Istanbul Medipol University () is a private university in Istanbul, Turkey. It was founded by Turkey Education Health and Research Foundation in 2009. The founder of the foundation is Fahrettin Koca, who is the current Minister of Health of Turkey.

The university consists of 12 faculties, 5 institutes and 4 vocational colleges. There are 37.051 registered students studying at the university. The number of undergraduate students is 22.526 and the number of graduate students is 1.766. The number of associate degree students is 12.759. And the foreign students number is 2.854. Some 1.213 academicians lecture at the university and 2.309 administrative personnel work at the university.
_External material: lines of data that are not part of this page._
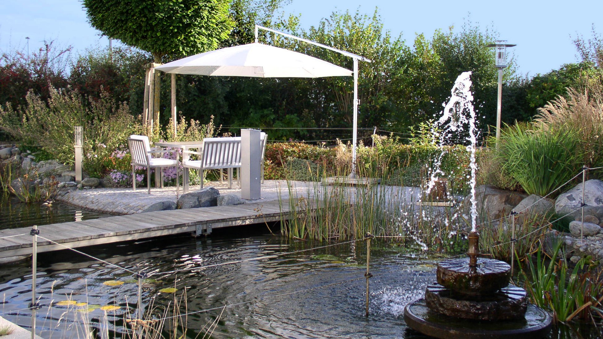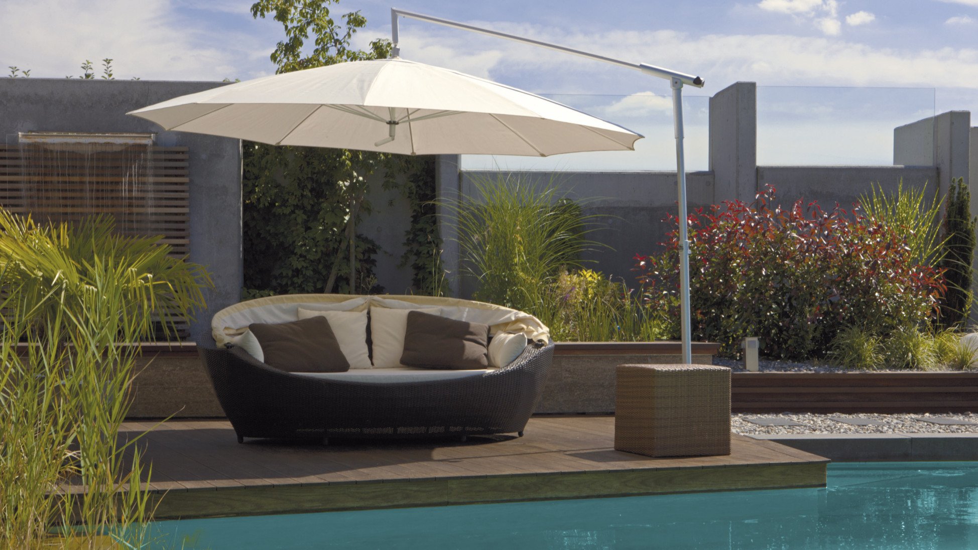 The cantilever hanging parasol Dacapo combines maximum flexibility with outstanding comfort. Its offset pole leaves the space beneath the canopy completely open, while the shade can be positioned effortlessly using the ball joint, height adjustment and swivelling cantilever arm. A canopy that adapts perfectly to any situation – elegant, sturdy and intuitive to use.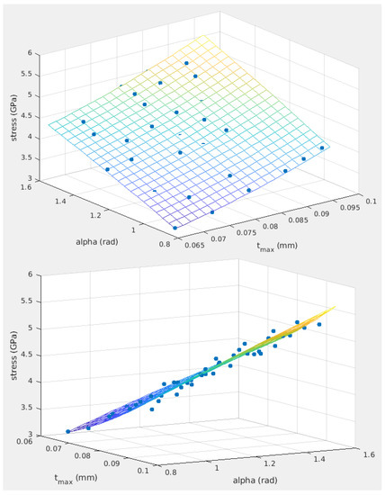 The regression model and the tool stress data predicted by FEM model are plotted in Figure 5 using Matlab (R2019a, MathWorks, Natick, MA, USA). The model’s R-squared value is above 96%, which means the model is accurate. It is found that tool stress under any cutting conditions with 0.3 mm axial depth of cut can be estimated based on the maximum thickness and engaging angle of the uncut chip through a multiple linear regression of the simulation results. Based on the model, maximum tensile stress of the cutting tool under various radial cutting depths and tool paths can be evaluated.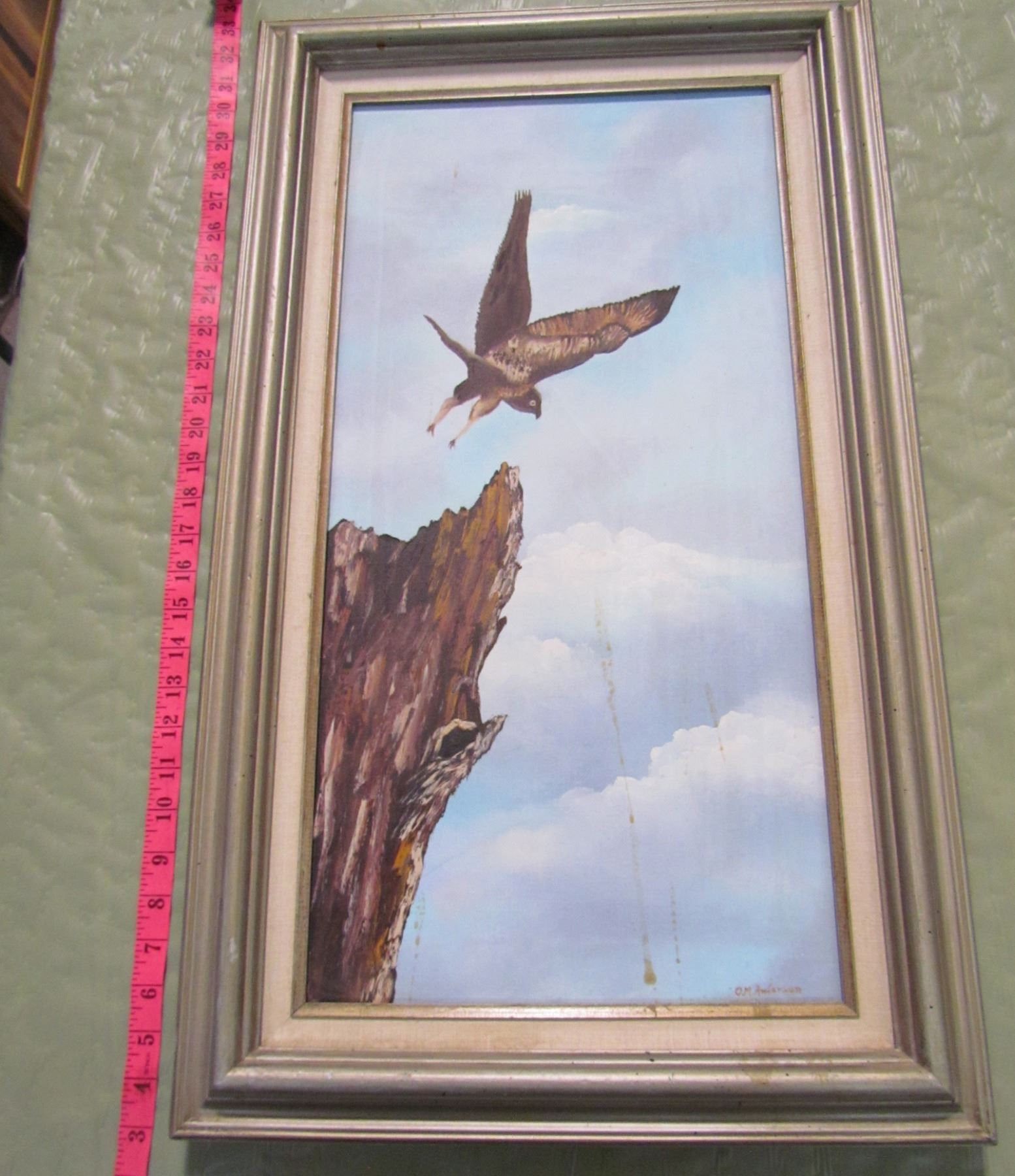 FRAMED HAWK PAINTING ( SPLASH MARKS SHOWN)

The university has 71 undergraduate programs in 13 faculties. Twenty-four of these programs are taught in English.

History 
Istanbul Medipol University was established on 7 July 2009 by the Medipolitan Education and Health Foundation (today's Turkey Education Health and Research Foundation) and gained its public legal personality as a foundation university. University continues its educational activities in Haliç and Kavacık Campuses. In addition, students' practice courses and internship trainings are held at Medipol University Hospital.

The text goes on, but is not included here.